Required work>
From the records that follow, return exactly the lines beginning at the one that contains "The sexual replication" and ending at the one that contains "Lakers reporter Buha", pictures left out.

Working data>
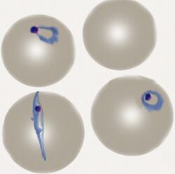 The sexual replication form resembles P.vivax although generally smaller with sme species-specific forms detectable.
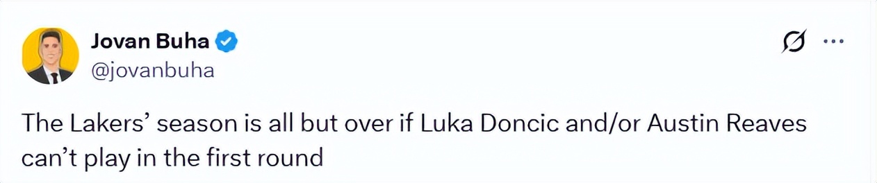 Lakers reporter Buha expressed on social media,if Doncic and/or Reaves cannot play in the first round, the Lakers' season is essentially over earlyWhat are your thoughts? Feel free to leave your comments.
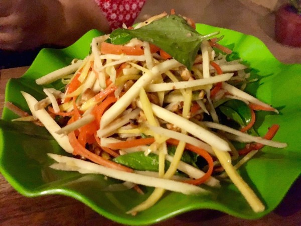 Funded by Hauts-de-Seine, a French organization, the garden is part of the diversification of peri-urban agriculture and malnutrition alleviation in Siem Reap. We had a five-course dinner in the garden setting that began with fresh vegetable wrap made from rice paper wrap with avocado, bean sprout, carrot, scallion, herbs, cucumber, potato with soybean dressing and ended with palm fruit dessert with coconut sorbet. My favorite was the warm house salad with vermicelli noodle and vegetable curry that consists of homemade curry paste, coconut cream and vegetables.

--

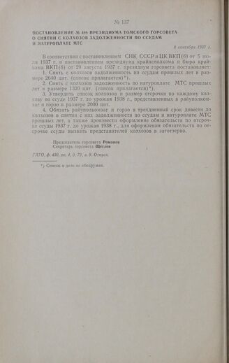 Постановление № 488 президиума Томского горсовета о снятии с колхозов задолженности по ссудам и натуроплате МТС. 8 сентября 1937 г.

Result for this task>
 The sexual replication form resembles P.vivax although generally smaller with sme species-specific forms detectable.
 Lakers reporter Buha expressed on social media,if Doncic and/or Reaves cannot play in the first round, the Lakers' season is essentially over earlyWhat are your thoughts? Feel free to leave your comments.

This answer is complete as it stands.